The King John School, often abbreviated to King John, is a secondary academy school with a sixth form in South Benfleet, Essex, England. It is named after King John of England (1166–1216). The main school building was opened in 1949: contrary to popular belief this building was never designed, nor used, as a hospital. As of October 2020, the school has an enrolment of 2128 students, operating over its recommended capacity of 2000 students.

History 
Construction of the school was started in 1938, but suspended for the duration of the war and restarted in 1948. It was opened in May 1949 as Benfleet Secondary Modern, at which time only the South Wing was completed.
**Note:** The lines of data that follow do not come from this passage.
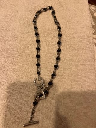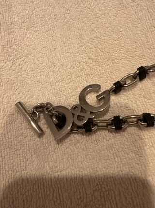 Elegante cadena de la marca Dolce & Gabbana. - Diseño con eslabones plateados y detalles en negro. - Cierre de tipo T. - Logo de la marca integrado.
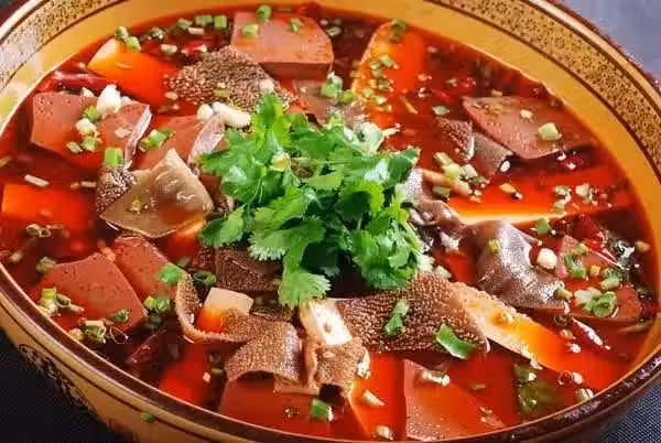 用料:豬肚適量、火腿200克、豬血250克、黃豆芽適量、萵筍適量、土豆1個、金針菇適量、金針菜適量、黑木耳適量、食鹽少許、雞精適量、姜5克、八角2個、花椒適量、桂皮1塊、干辣椒適量、料酒適量、大蒜5克
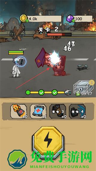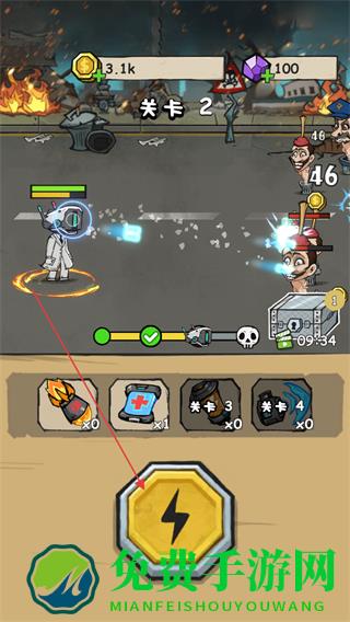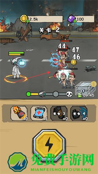 2、点击下方闪电按钮释放技能,快速打击敌人,推进关卡进度。
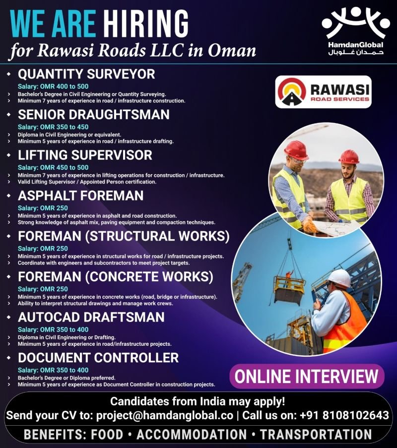 # Quantity Surveyor Jobs in Oman – Rawasi Roads LLC We are seeking experienced professionals to join our team in
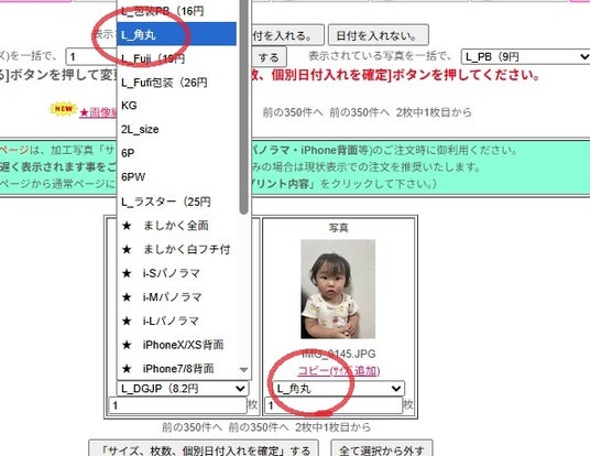 対象:角丸写真 Lサイズ のご注文すべて
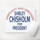 Esta reprodução é 1972 botão baseado da campanha para Shirley Chisholm, primeira mulher do afro-americano a funcionar para o presidente.
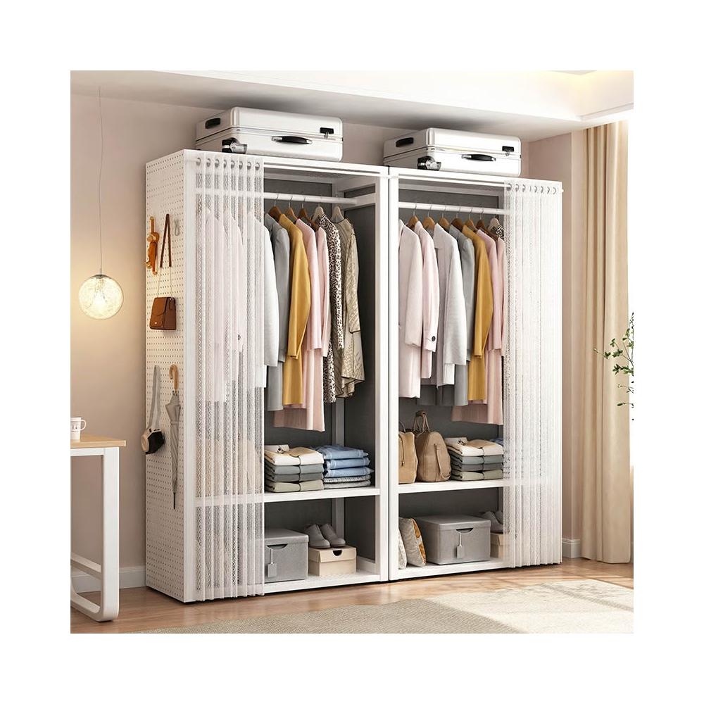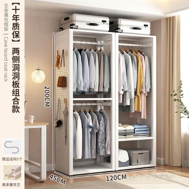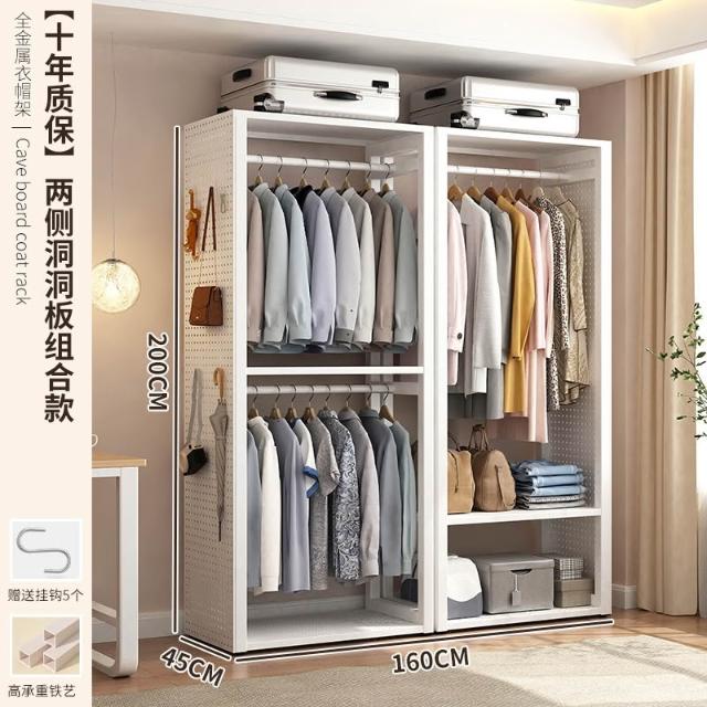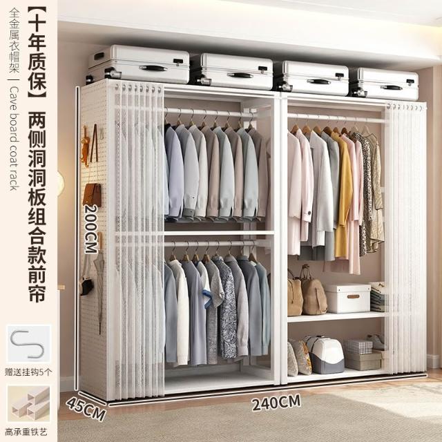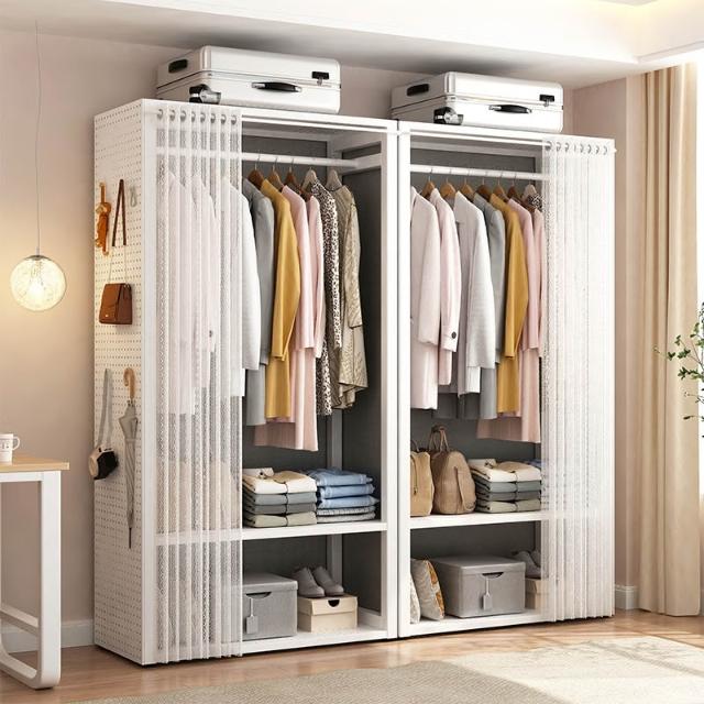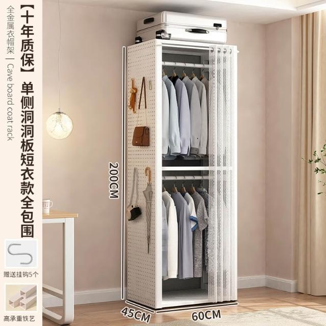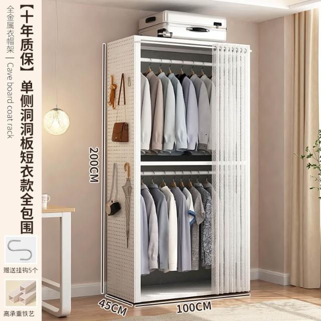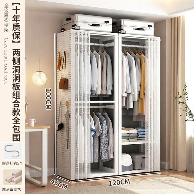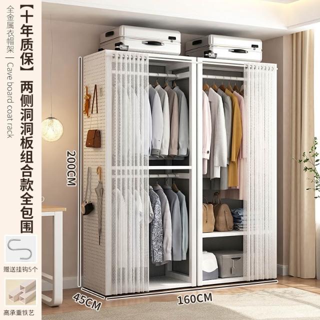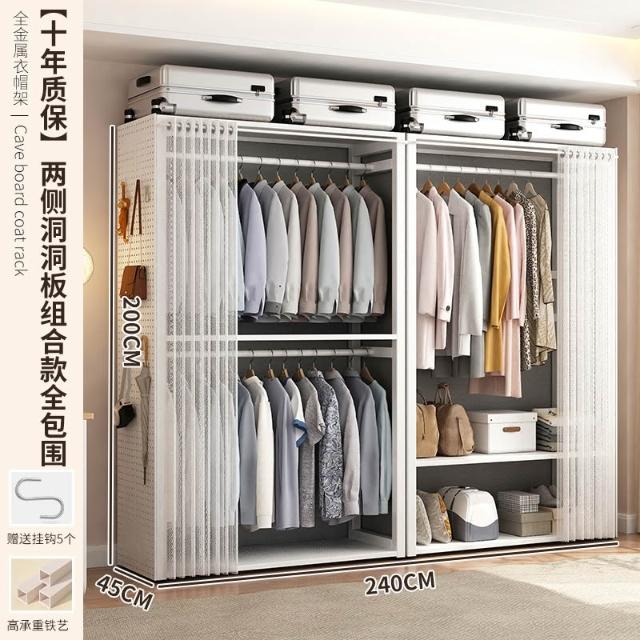 洞洞板衣櫃家用臥室出租房簡易組裝鐵藝衣櫃結實耐用收納架掛衣櫥
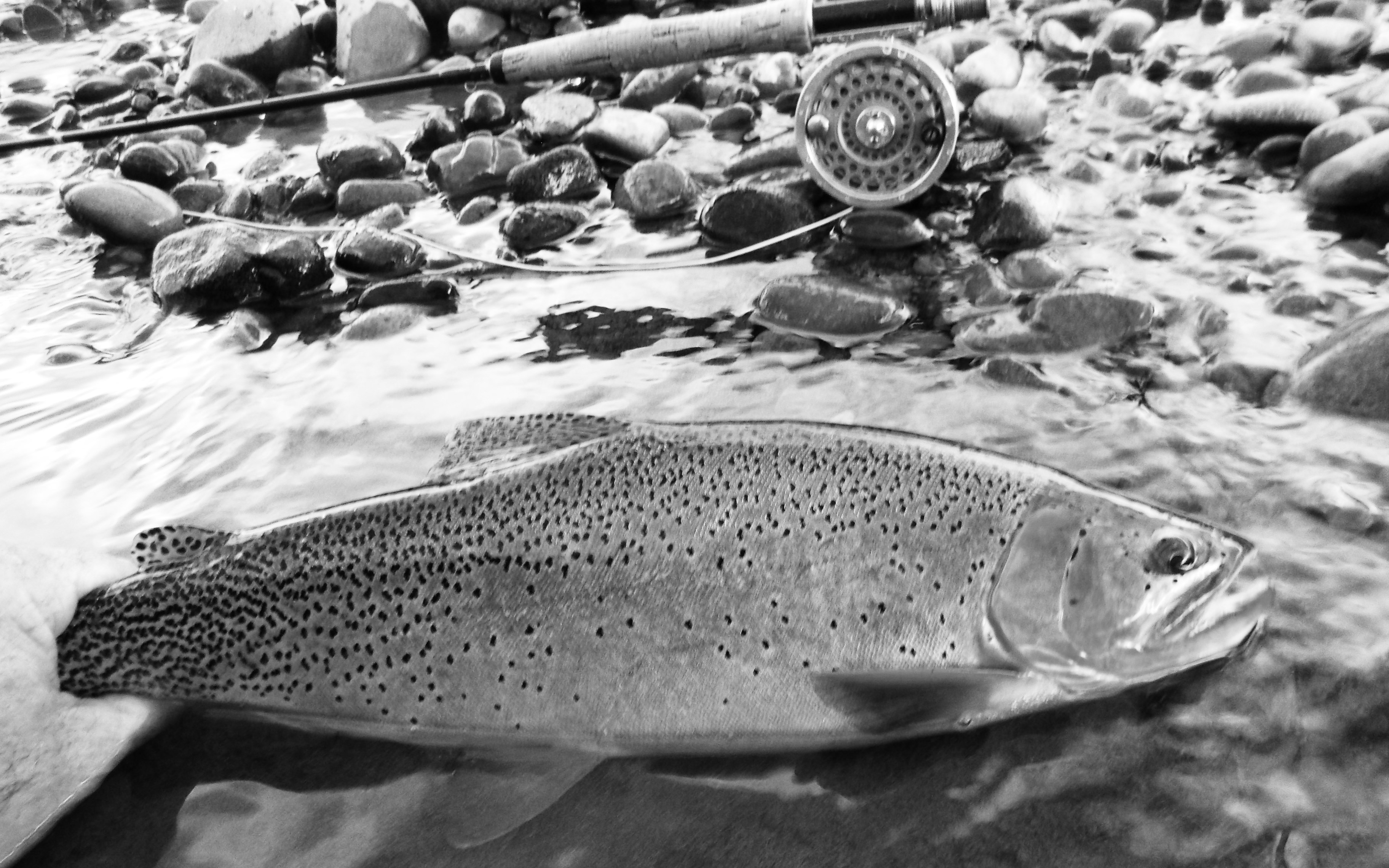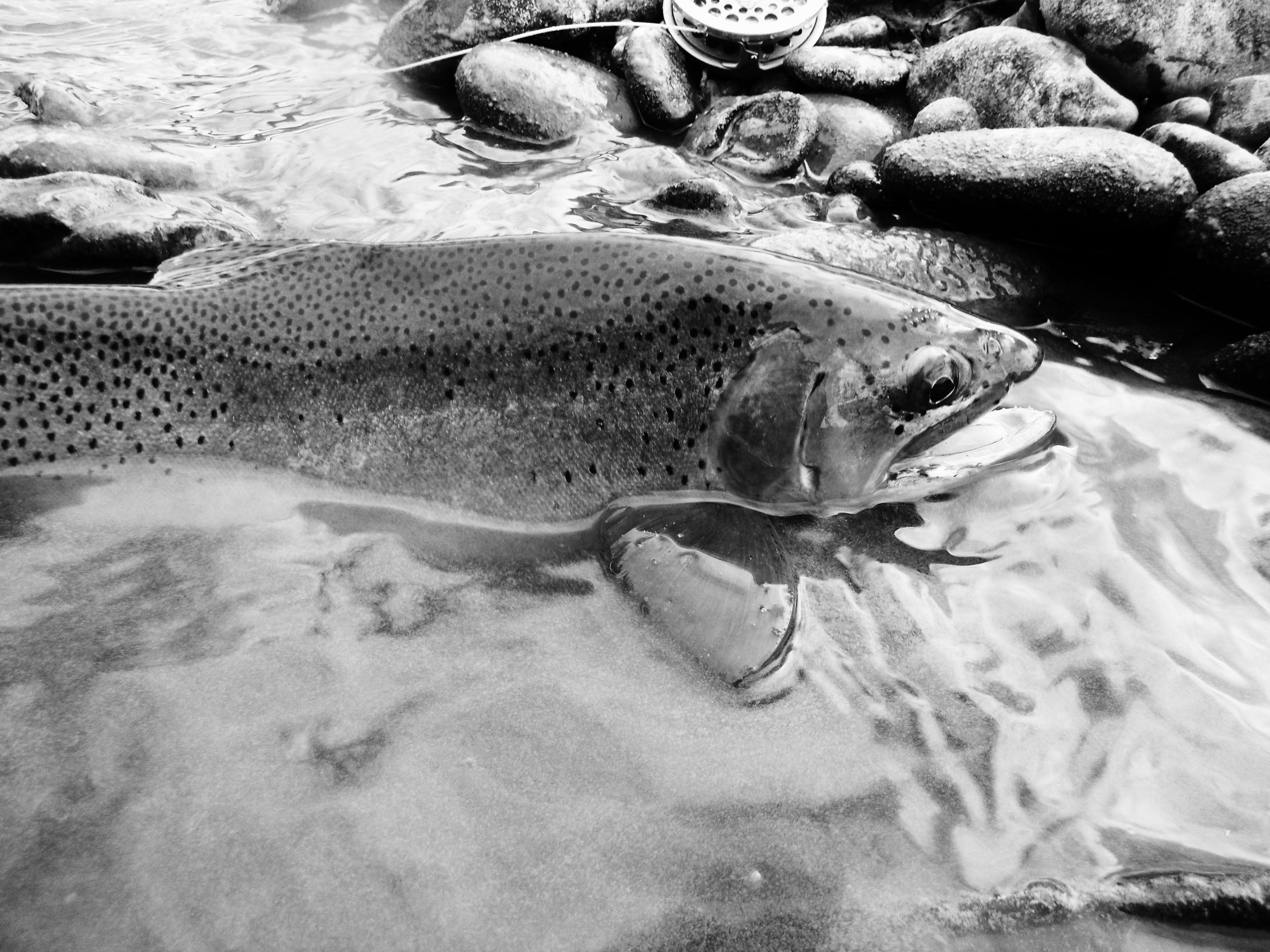 I crossed into BC this weekend as there were 100km an hour wind warnings in my region of Alberta. I fished the Elk river. With the predicted relative calm and overcast sky I was hoping for a Blue Winged Olive hatch. There was a very brief one late afternoon and I eventually found some rising cutthroat trout. An early trout was caught on a cricket pattern and afternoon rising fish on a size 20 Olive pattern: natural color deer hair wing tied forward, a turn or two of medium dun hackle clipped on the bottom, grey thorax dubbed and grey body, amber trailing shuck on a Klinkhammer style hook that allows the body to dangle. Sounds kind of complicated but I’m sure any fly tied the right size would have worked. Here are a few weekend pictures of the east slope, the west slope and some BC cutthroat.
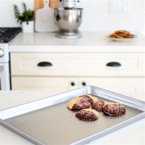 Usa Pans Cookie Sheet. Web details features & materials shipping baking ideas our half sheet pan is one baking pan you will never want to be without! Web 1 2 » half sheet pan $23.99/ea nonstick aluminum half sheet pan $21.99/ea extra large sheet pan $27.99/ea heavy duty.
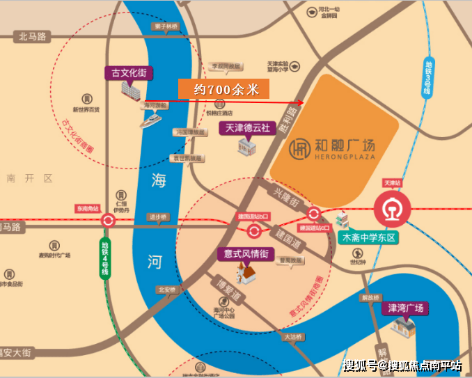 除了周边城市文化旅游地标,紧邻和融广场的地铁2号线,更是将天津主要繁华地段串联,建国道站可以一站直达天津站,对于外地游客来说更加便捷,让和融广场的价值进一步腾飞。
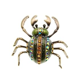 Sacred Scarab Green Beetle Topaz Crystal Rhinestone Insect Fashion Pin Brooch: Jewelry. Sacred bronze legged beetle pin brooch with olivine body, studded with lines of topaz and topaz AB crystal rhinestones.
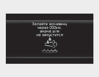 к слишком низкому уровню, появляется предупреждение «Refill Urea in 000 km or vehicle will not start» (Залейте мочевину через
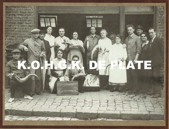 Formaat : 17 x 23,5 cm. - Het personeel van een pakhuis. De foto werd genomen voor een verjaardag (wordt niet vermeld). De meesten onder hen hebben een kabeljauw in de hand.
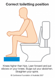 Toileting habits - Go to the toilet as soon as you need to and empty you bowel fully. Remember to relax.
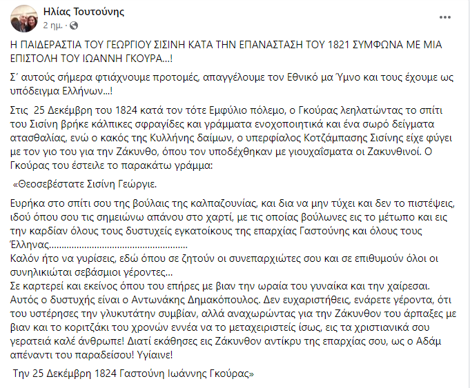Σύμφωνα με αυτό το δημοσίευμα, ο Γεώργιος Σισίνης, κατέφυγε στη Ζάκυνθο κλέβοντας την όμορφη γυναίκα του Αντωνάκη Δημακόπουλου καθώς και την 9χρονη κόρη του, “να το μεταχειριστείς ίσως, εις τα χριστιανικά σου γερατειά καλέ άνθρωπε!”, όπως γράφει χαρακτηριστικά, εκτός των άλλων, αναφέρει η επιστολή του Ιωάννη Γκούρα, την οποία ο κ. Τουτούνης επικαλείται για το κείμενό του.
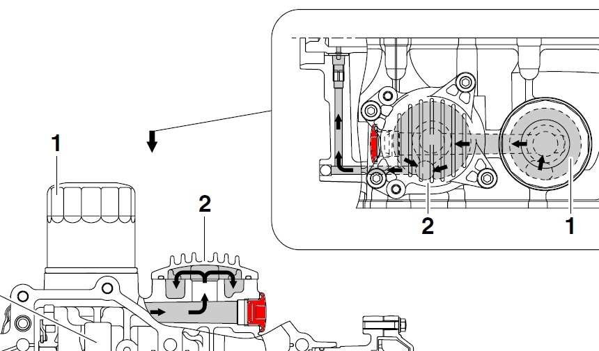 Ich habe die betreffende Schraube rot markiert. Ich würde dir als Laie recht geben, da sich die Schraube nach dem Ölfilter in der Druckleitung befindet, wo sie meiner Meinung hingehört. Eine weitere Möglichkeit wäre die Verwendung eines Adapterringes zw. dem Motor und dem Ölfilter, wie ich es auch schon im
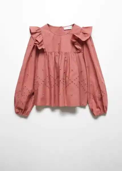 100% Algodón Cierre Trasero Cuello Redondo Detalle Bordado Detalle de Volantes Manga Larga - 57084023_85.
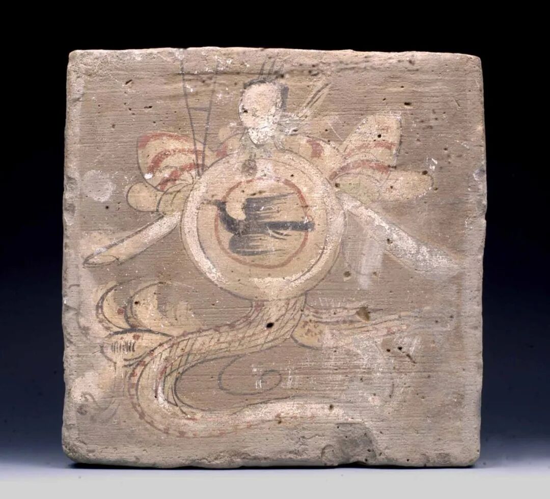 砖呈方形,四周饰白色边框,画面中央用白色涂底,彩绘一伏羲图像。伏羲人首蛇身,右手持规,头戴山形冠,胸部有日轮,中有呈飞翔状墨鸟,应为金乌。
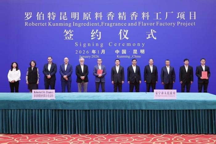2026年1月27日,柏联集团董事长刘湘云女士的三年牵线,让百年香料巨头罗伯特集团签约落地昆明,其原料香精香料工厂项目正式在国内启动。项目建成后,将进一步提升昆明在天然香精香料领域的产业竞争力。
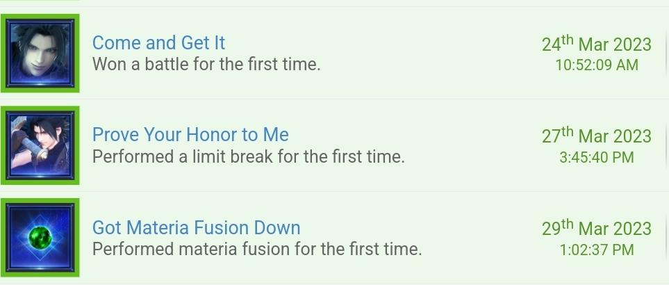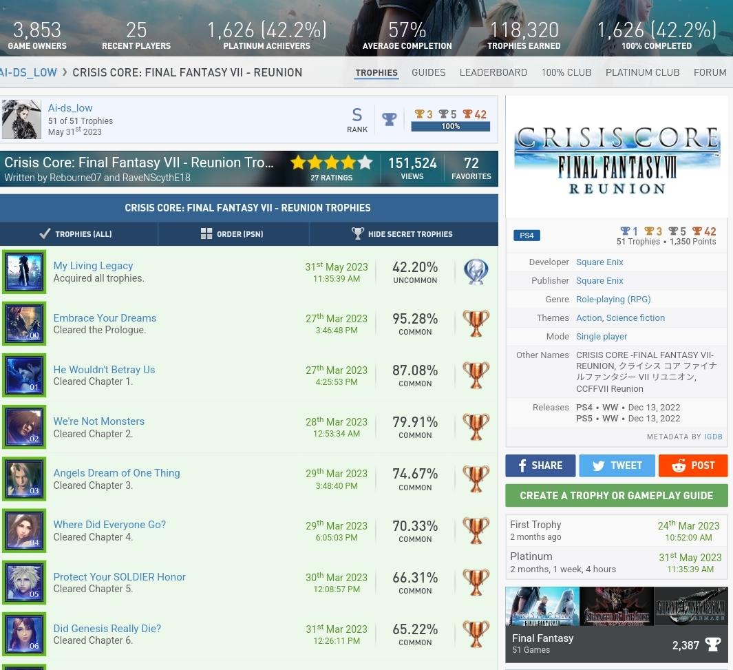 AiMania Geschrieben 5. Juni 2023 Autor Geschrieben 5. Juni 2023 Fertigmeldung: Crisis Core Final Fantasy 7 Reunion (Neues Spiel) PS4 Folgende Event-Trophäen möchte ich fertig melden: N01 Komplettierung von 25 bis 70% N05 SG zwischen 4 und 8 N09 Spielzeit Über 40 Stunden C01 Spiel bewertet C02 Spiel befindet sich auch in der Liste von @Hawaiitianer V04 Spiel aus einer Reihe in der ich schon Platins habe: Final Fantasy V05 Zwei Spiele einer Reihe: Crisis Core PS4 und Theatrhythm aus Final Fantasy V10 NG+ oder "schwer" E02 Erspiele 5 Trophäen mit First/Erster etc. KeyWe PS4 - Learn the Ropes - Complete the First Week of Summer Wobbly life - A Wobbly Start - Complete Jelly Job Crisis Core PS4 - Come and get it - Won a battle for the first time Crisis Core PS4 - Prove Your Honor to me - Performed a limit break for the first time Crisis Core PS4 - Got Materia Fusion Down - Performed materia fusion for the first time Nachweise: Spoiler Crisis Core PS4 KeyWe PS4 Wobbly life . Spoiler 2 1 Zitieren

The school took pupils from primary schools in Hadleigh, Thundersley, South Benfleet and New Thundersley. Before the official opening in 1953, the school was used as a shelter station after the Canvey Island flood tragedy, a gesture that led to the headmaster being awarded the OBE.  It was then known as King John Secondary modern school with 1100 pupils and became a comprehensive school in the early 1960s, it is now a secondary academy school with a sixth form. 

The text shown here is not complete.